UC Irvine Randerson

Credit: Steve Zylius/UC Irvine

UC Irvine earth system scientist James Randerson, a new member of the National Academy of Sciences, uses satellite data and climate models to predict change in the planet’s various ecosystems.

Nine members of the University of California faculty have been elected to the National Academy of Sciences, one of the highest honors that can be accorded to a U.S. scientist.

They are among the 84 new members and 21 foreign associates in this year’s class.

They bring UC’s total number of members to 602.
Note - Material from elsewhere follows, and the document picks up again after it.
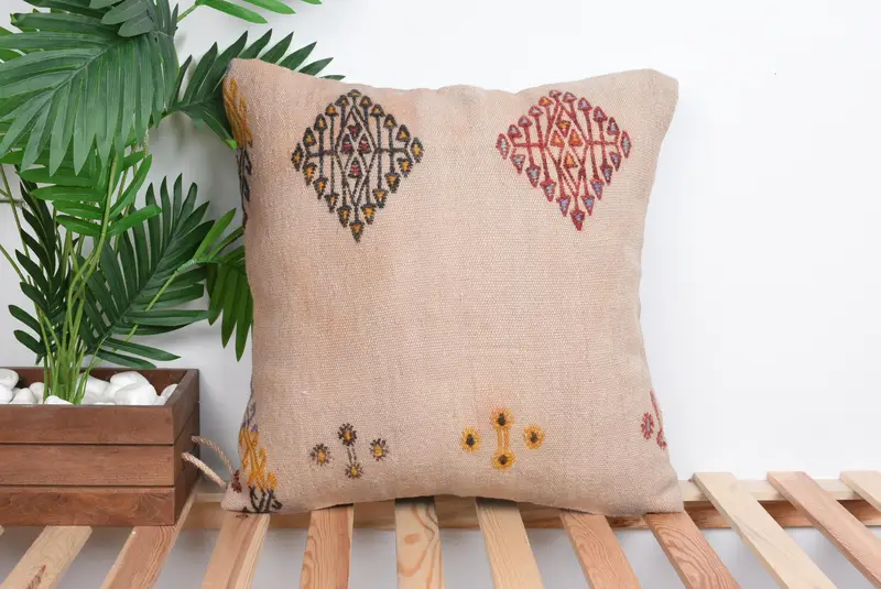 Geometric Beige & Brown Embroidered Pillow, Vintage Throw Pillow

New members, by campus, include:

UC Berkeley

  • Mary K. Firestone, professor of environmental science policy and management and associate dean of instruction and student affairs

UC Davis

  • Jodi M. Nunnari, professor of molecular and cellular biology

UC Irvine

  • James T. Randerson, professor of earth system science

UCLA

  • Claudio Pellegrini, distinguished professor emeritus of physics and astronomy

UC San Diego

  • Christopher K. Glass, professor of cellular and molecular medicine and professor of medicine

UCSF

  • Robert Haas Edwards, professor of neurology and physiology
  • Richard M. Locksley, Marion and Herbert Sandler Distinguished Professorship in Asthma Research and professor of medicine (infectious diseases)
  • Patrick H. O’Farrell, professor of biochemistry and biophysics

UC Santa Cruz

  • James C. Zachos, professor of earth and planetary sciences

The National Academy of Sciences is a private, nonprofit society established by Congress and signed into existence by Abraham Lincoln in 1863 to provide objective advice to the nation. Members are elected by their peers, and the academy is committed to furthering science in the United States. Past recipients of the honor include Albert Einstein, Robert Oppenheimer, Thomas Edison, Orville Wright and Alexander Graham Bell.